The optimizer which implements Adam algorithm. [Kingma & Ba, 2014].

The Adam update is defined as:

\[\text{Adam}(g) = -\frac{\text{lr} * m_{t}}{\sqrt{v_{t}} + \epsilon} \\ \quad \\ \text{where}\quad \begin{cases} m_{t} = \beta_{1} * m_{t-1} + (1 - \beta_{1}) * g \\ v_{t} = \beta_{2} * v_{t-1} + (1 - \beta_{2}) * g^{2} \end{cases} \]

__init__

Adam.__init__(
  params,
  lr=0.001,
  beta1=0.9,
  beta2=0.999,
  eps=1e-08,
  weight_decay=0,
  amsgrad=False,
  scale_gradient=1.0,
  clip_gradient=-1.0
)[source]

Create an Adam optimizer.

Parameters:
  • params (Sequence[dragon.vm.torch.nn.Parameter]) – The parameters to optimize.
  • lr (float, required) – The initial value for \(\text{lr}\).
  • beta1 (float, optional, default=0.9) – The initial value for \(\beta_{1}\).
  • beta2 (float, optional, default=0.999) – The initial value for \(\beta_{2}\).
  • eps (float, optional, default=1e-8) – The initial value of \(\epsilon\).
  • weight_decay (float, optional, default=-1.) – The factor of L2 penalty.
  • amsgrad (bool, optional, default=False) – True to switch to AMSGrad optimizer.
  • scale_gradient (float, optional, default=1.) – The factor to scale gradients.
  • clip_gradient (float, optional, default=-1.) – The norm thresh to clip gradients.

Methods

accumulate_grad

Optimizer.accumulate_grad()[source]

Accumulate all gradients.

Call this method after a backward pass:

x = torch.ones(1, 3, requires_grad=True)
for i in range(10):
    y = x + 1
    y.backward()
    optimizer.accumulate_grad()
optimizer.step()

add_param_group

Optimizer.add_param_group(param_group)[source]

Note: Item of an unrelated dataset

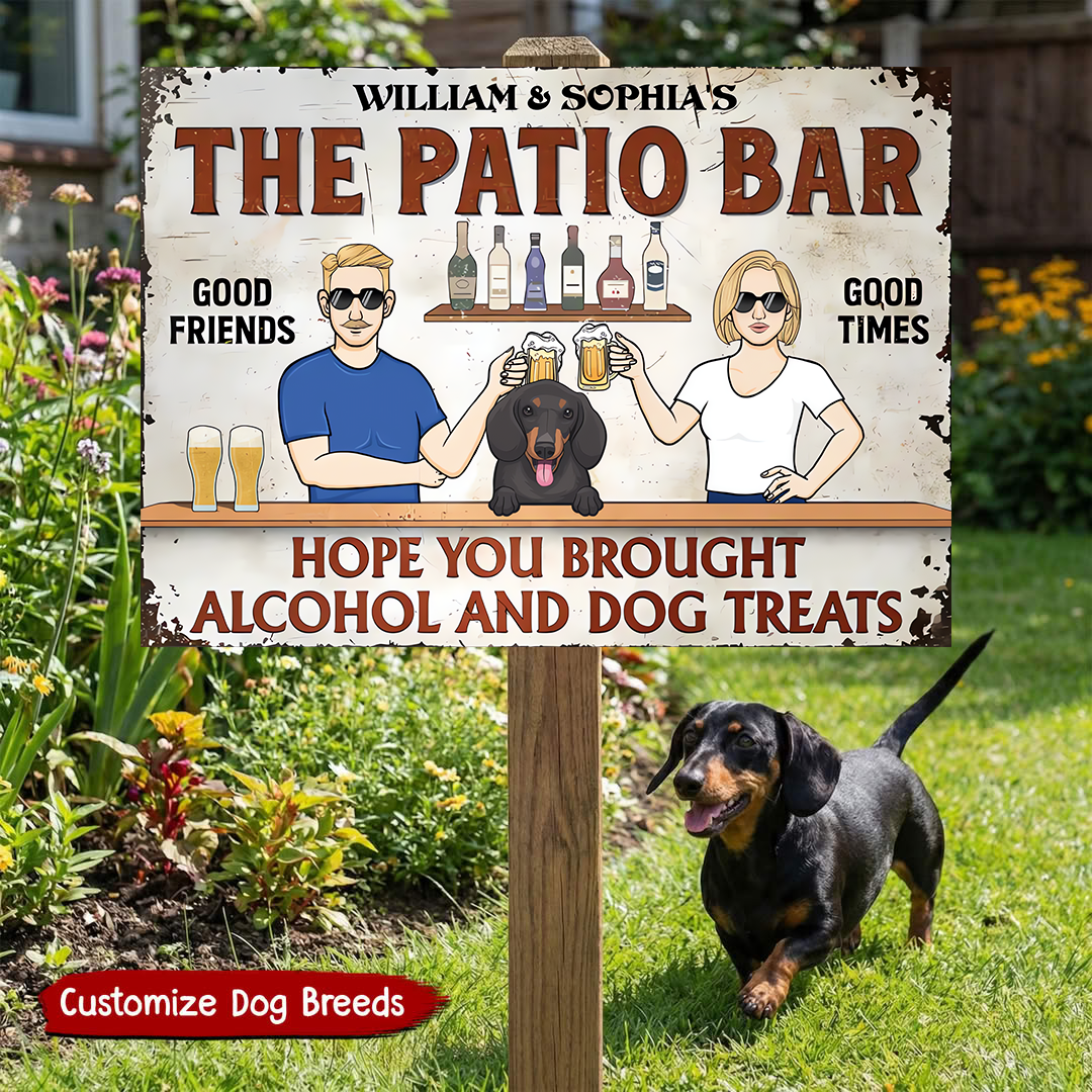 The Patio Bar Hope You Brought Alcohol And Dog Treats - Personalized Horizontal Metal Sign

Add a new param group into the optimizer.

The param_group should be a dict containing the defaults optionally:

# A group redefined ``lr`` and ``weight_decay``
param_group1 = {
    'params': [],
    'lr': 0.01,
    'weight_decay': 0.0001,
}
# A group inherits the defaults while using ``multiplier``
param_group2 = {
    'params': [],
    'lr_mult': 1.,
    'decay_mult': 1.,
}
Parameters:
  • param_group (Dict) – The param group to add.

step

Optimizer.step()[source]

Perform one step update.

Call this method after a backward pass:

x = torch.ones(1, 3, requires_grad=True)
y = x + 1
y.backward()
optimizer.step()

zero_grad

Optimizer.zero_grad(reset=False)[source]

Set all gradients to zeros.

This method is not necessary usually, as we will overwrite the gradients in the next computation.

However, if some gradients are not computed every time, remember to reset them before step(...):

m1 = torch.nn.Linear(3, 3)
m2 = torch.nn.Linear(3, 3)
x = torch.ones(1, 3, requires_grad=True)
for i in range(10):
    x = m1(x)
    if i in (2, 4, 6):
        x += m2(x)
optimizer.zero_grad(reset=True)
x.backward()
Parameters:
  • reset (bool, optional, default=False) – True to reset the memory instead of zeroing.